The motion as to M.B.'s Fisk Howard School records was granted in part and denied in part. The documents are a retention study form and part of a school multidisciplinary integrated report which contain nothing relevant for impeachment. The records include statements by the mother that M.B.'s problems (in the DHHR record previously discussed) had been corrected. Those documents would not assist the defense and should be privileged. There is nothing in the cumulative file documents *626 (held not discoverable) which should be released and that ruling was proper. We reverse the ruling insofar as it denies the motion to quash and grant the motion as to all school documents.
The trial judge granted in part and denied in part M.B.'s Hotel Dieu records. The materials which were denied do not contain identifiable Hotel Dieu records. The trial judge noted there was information in those records which indicates "tendencies of violence or aggressive behavior on behalf of [M.B.]" which he felt was relevant. He also stated he felt the information was exculpatory and tended "to show the lack of guilt or culpability" of the defendant.[5]
The Hotel Dieu records on the child's bladder problems are immaterial to the defense and the motion was properly granted. We reverse the ruling as to the hospital documents which were held discoverable and grant that motion.
CONCLUSION
The privacy of child victims should be protected and their confidential records should not be released when not material as based on Brady-Bagley.
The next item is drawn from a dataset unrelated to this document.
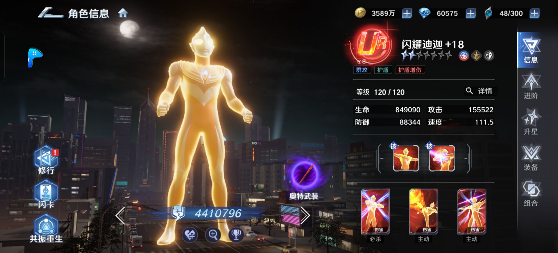 ps:没有高练度【闪耀迪迦】的朋友也可以换成:贝利亚、终极赛罗都可以。

Access to B.B.'s and C.B.'s Dibert School records was properly denied.[6] Dr. Ruiz's DHHR highly confidential records relative to M.B.'s psychological, psychosocial and psychiatric evaluations should not be released and the motion to quash should have been granted. The defense has not shown a sufficient basis for M.B.'s Fisk Howard School records and the motion to quash should have been granted. Similarly, the motion should have been granted to protect M.B.'s Hotel Dieu records.
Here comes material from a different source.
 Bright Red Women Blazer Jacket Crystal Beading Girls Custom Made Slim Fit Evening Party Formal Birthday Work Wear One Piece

We reverse the trial judge's ruling insofar as it denies the State's motion to quash. We affirm the ruling insofar as it grants the motion to quash.
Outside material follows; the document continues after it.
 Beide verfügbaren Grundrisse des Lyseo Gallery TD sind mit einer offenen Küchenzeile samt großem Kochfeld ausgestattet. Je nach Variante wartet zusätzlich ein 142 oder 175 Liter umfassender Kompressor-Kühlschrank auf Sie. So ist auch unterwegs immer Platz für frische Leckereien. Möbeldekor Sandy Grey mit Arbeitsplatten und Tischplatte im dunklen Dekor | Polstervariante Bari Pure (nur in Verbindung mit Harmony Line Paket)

REVERSED IN PART; AFFIRMED IN PART.
NOTES
[1] The minor's names are deleted to protect their identity.
[2] Some records were in the possession of the Department of Health and Human Resources. Those could be considered in the State's possession for discovery purposes.
[3] The same obligation for pre-trial discovery cannot be imposed on third parties as may be imposed on the State. Under the ABA Standards for Criminal Justice (approved draft 1970), Standard 11-2.5, Discretionary Disclosures, upon a showing that the documents are material to defense preparation the court in its discretion may require disclosure to defense counsel. Under Standard 11-4.8 (Supp.1982), the court may order third parties to permit review of any specified records and may deny the disclosure if it finds a substantial risk of certain harms to any third party which would outweigh the usefulness of the disclosure. The commentary following Standard 11-4.8 notes that such disclosures require careful judicial supervision to prevent unnecessary intrusions into third party privacy rights. The moving party must show the required disclosure is reasonable and relevant to the preparation of the case.
[4] The records which were denied were paper clipped together in an envelope with DENIED written across. We can only attempt to determine the particular papers provided pursuant to each subpoena.
[5] The DHHR records previously discussed do mention prior aggressive or violent behavior, but such information is not material to the preparation of the defense or for impeachment purposes.
[6] We do not condone ruling on discovery motions at a motion to quash hearing, but agree that the records should not be turned over to the defense.